/HexRUNet_pytorch

An unofficial PyTorch implementation of ICCV 2019 paper "Orientation-Aware Semantic Segmentation on Icosahedron Spheres"

Primary LanguagePythonMIT LicenseMIT

HexRUNet PyTorch

An unofficial PyTorch implementation of ICCV 2019 paper "Orientation-Aware Semantic Segmentation on Icosahedron Spheres". Only HexRUNet-C for Omni-MNIST is implemented right now.

Requirements

Python 3.6 or later is required.

Python libraries:

  • PyTorch >= 1.3.1
  • torchvision
  • tensorboard
  • tqdm
  • igl

Training

Run the following command to train with random-rotated training data and evaluate with random-rotated test data.

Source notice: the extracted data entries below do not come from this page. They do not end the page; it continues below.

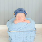 With these two infant twin boys we were actually inspired by Grandma – well, the blankets she knit at least! Grandma knit each of the boys their own snugly blanket, one in gray and the other in a bold blue. We used her lead to style the boys images, and had one baby’s pictures always have gray accent colors while the other boy was in blue. This way, we kept a nice harmony throughout the sets and blankets we used, and then just brought in pops of color to differentiate each boy.
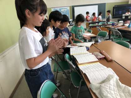 オルガンの伴奏に合わせて、手拍子で演奏しました。それぞれのグループが素晴らしい発表ができました。
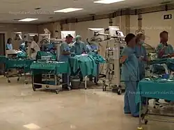 The concept used in the present article for Virtual Hospital is not the same as the one used in Virtual Hospital (to interconnect villages in the developing world using Telemedicine): a Virtual Hospital in this context is intended to resemble a real one except that the patients are replaced by simulators.

python train.py --train_rot --test_rot

You can change parameters by arguments (-h option for details).

Results

Here is the results of this repository. Accuracy of the last epoch (30th epoch) is reported.

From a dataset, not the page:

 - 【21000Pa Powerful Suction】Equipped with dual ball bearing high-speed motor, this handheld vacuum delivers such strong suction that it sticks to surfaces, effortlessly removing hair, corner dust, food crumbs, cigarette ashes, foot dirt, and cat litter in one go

Omni-MNIST HexRUNet-C accuracy (%)

N/N N/R R/R
This repository 99.15 69.62 98.36
Paper 99.45 29.84 97.05
  • N/N: Non-rotated training and test data
  • N/R: Non-rotated training data and random-rotated test data
  • R/R: Random-rotated training and test data

As can be observed here, N/R of this repogitory is much higher than the one reported in original paper. I guess it's because the implementation of projecting images on a sphere and rotation are different (My implementation of the projection is based on ChiWeiHsiao/SphereNet-pytorch).